**What is expected:** Would you please repeat, word for word, only the lines from the one holding "这是之前固特异的轮胎,可以很" through the one holding "Faux Sheepskin Gilet - Burgundy" in the material below, without the pictures?

**Material provided:**
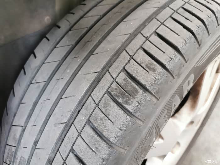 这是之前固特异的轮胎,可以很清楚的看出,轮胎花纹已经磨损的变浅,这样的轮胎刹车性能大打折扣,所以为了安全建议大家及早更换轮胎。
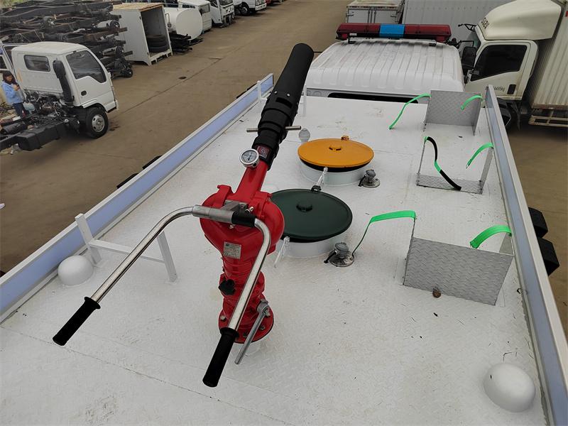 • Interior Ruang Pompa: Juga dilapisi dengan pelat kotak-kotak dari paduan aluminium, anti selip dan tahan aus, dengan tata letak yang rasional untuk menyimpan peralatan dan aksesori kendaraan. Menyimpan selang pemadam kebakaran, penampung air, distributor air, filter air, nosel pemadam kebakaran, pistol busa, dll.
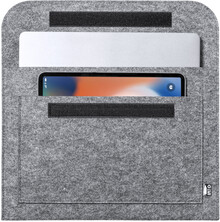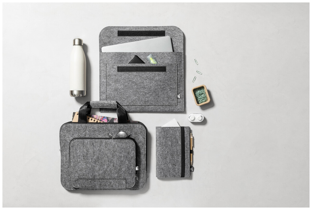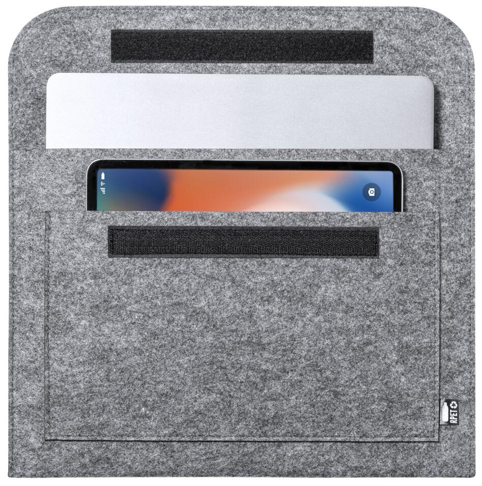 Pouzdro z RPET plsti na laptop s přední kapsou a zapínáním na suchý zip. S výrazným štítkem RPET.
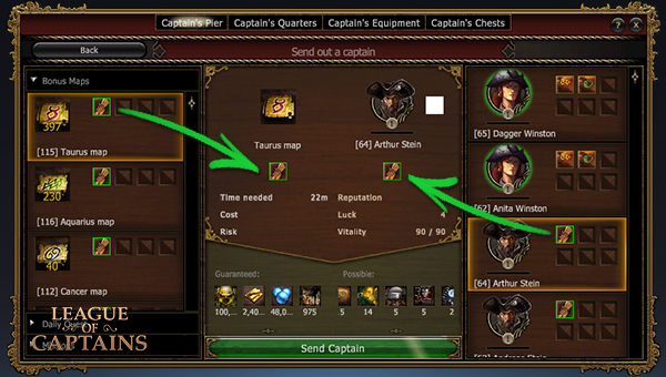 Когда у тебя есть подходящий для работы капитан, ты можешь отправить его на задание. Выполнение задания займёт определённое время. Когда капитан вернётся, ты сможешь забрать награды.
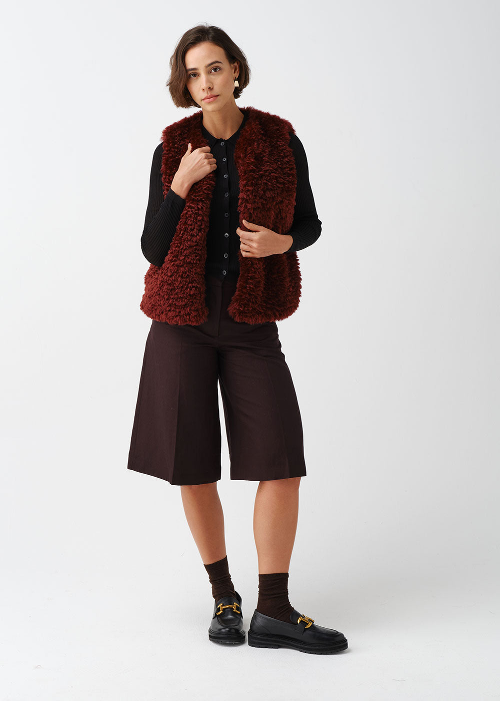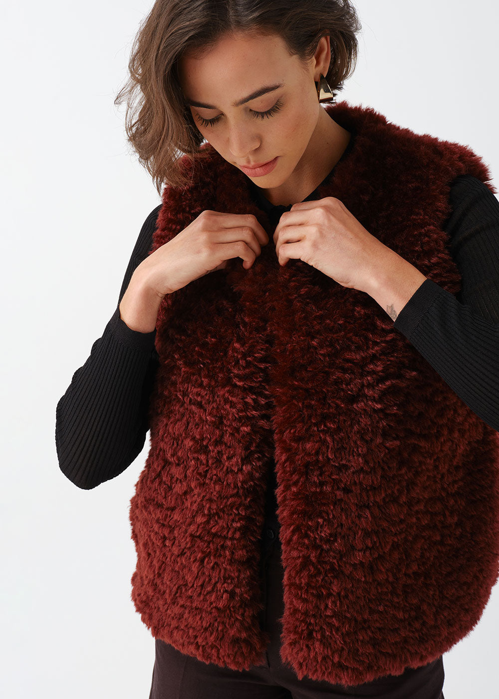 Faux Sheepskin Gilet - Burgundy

* * *

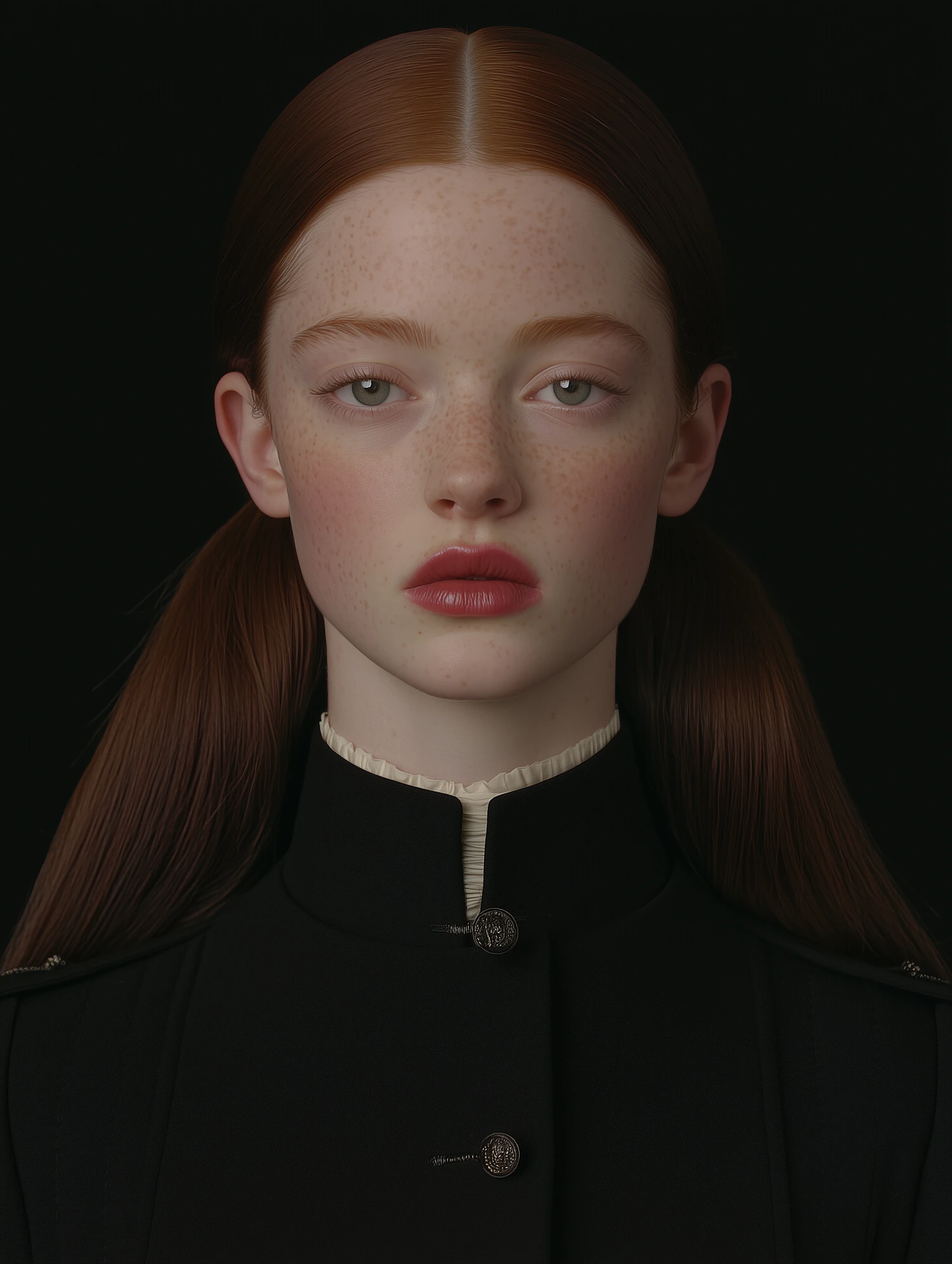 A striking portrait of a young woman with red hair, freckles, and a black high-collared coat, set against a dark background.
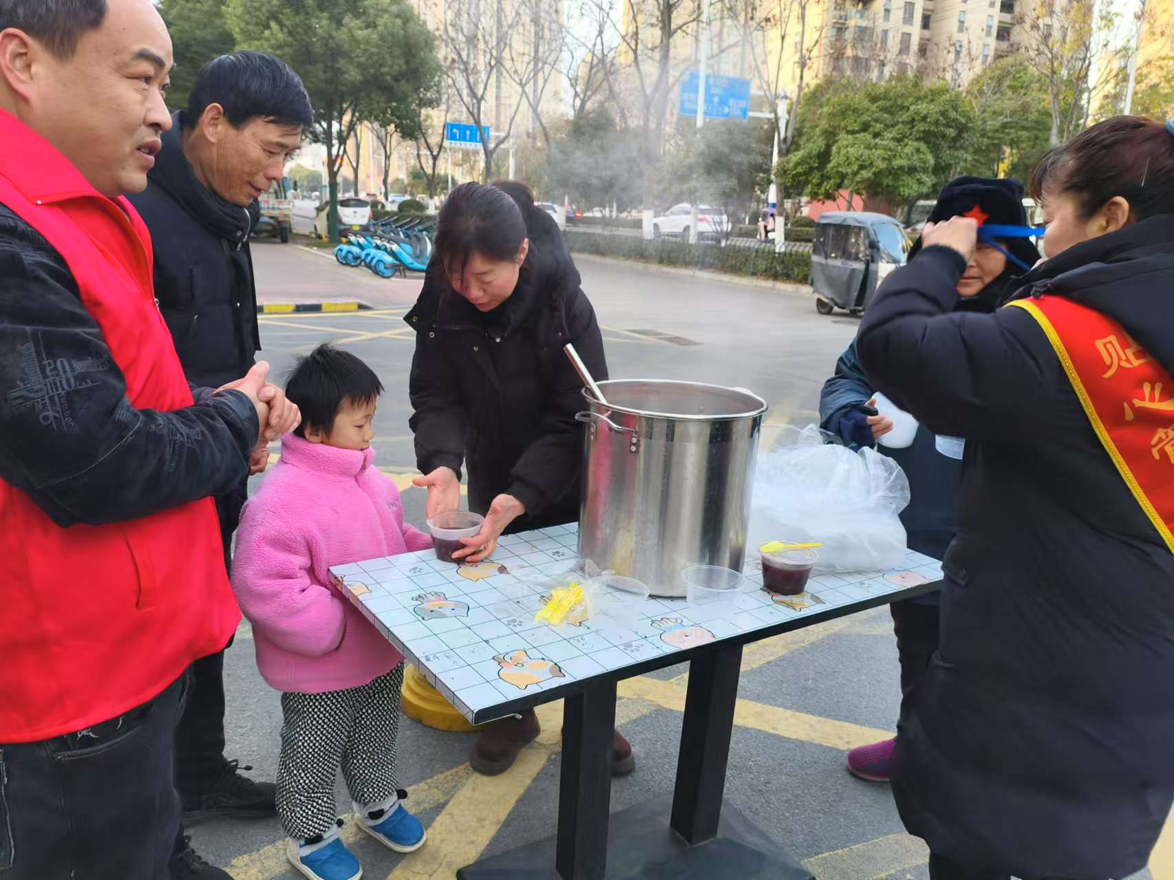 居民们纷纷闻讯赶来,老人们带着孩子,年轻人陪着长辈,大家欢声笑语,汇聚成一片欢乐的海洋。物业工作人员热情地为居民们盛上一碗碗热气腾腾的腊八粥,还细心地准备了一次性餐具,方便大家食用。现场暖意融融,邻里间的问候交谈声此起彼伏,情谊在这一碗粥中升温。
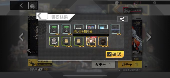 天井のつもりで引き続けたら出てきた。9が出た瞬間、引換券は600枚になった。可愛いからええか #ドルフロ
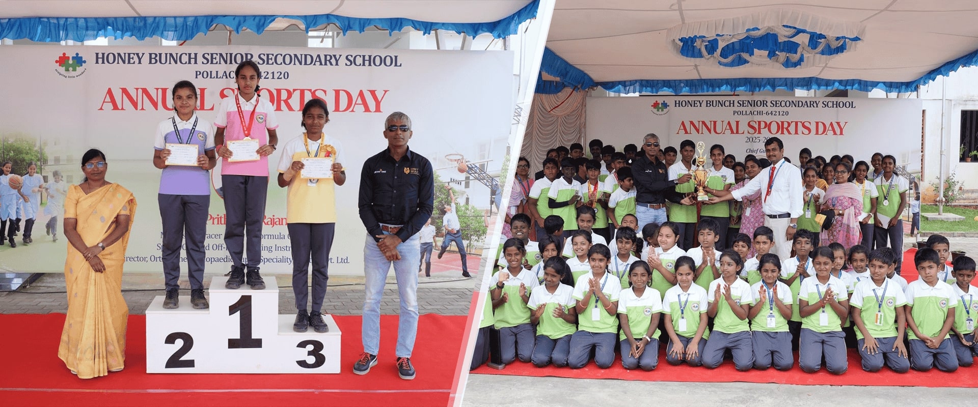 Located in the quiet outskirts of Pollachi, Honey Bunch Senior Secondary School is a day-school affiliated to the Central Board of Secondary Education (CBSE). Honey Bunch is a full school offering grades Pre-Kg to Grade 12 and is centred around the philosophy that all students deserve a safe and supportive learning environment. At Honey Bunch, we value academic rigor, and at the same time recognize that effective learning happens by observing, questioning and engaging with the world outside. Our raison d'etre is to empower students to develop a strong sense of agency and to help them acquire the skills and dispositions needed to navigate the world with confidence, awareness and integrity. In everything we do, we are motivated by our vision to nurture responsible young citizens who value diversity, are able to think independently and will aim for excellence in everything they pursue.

**Your response:**
 这是之前固特异的轮胎,可以很清楚的看出,轮胎花纹已经磨损的变浅,这样的轮胎刹车性能大打折扣,所以为了安全建议大家及早更换轮胎。
 • Interior Ruang Pompa: Juga dilapisi dengan pelat kotak-kotak dari paduan aluminium, anti selip dan tahan aus, dengan tata letak yang rasional untuk menyimpan peralatan dan aksesori kendaraan. Menyimpan selang pemadam kebakaran, penampung air, distributor air, filter air, nosel pemadam kebakaran, pistol busa, dll.
 Pouzdro z RPET plsti na laptop s přední kapsou a zapínáním na suchý zip. S výrazným štítkem RPET.
 Когда у тебя есть подходящий для работы капитан, ты можешь отправить его на задание. Выполнение задания займёт определённое время. Когда капитан вернётся, ты сможешь забрать награды.
 Faux Sheepskin Gilet - Burgundy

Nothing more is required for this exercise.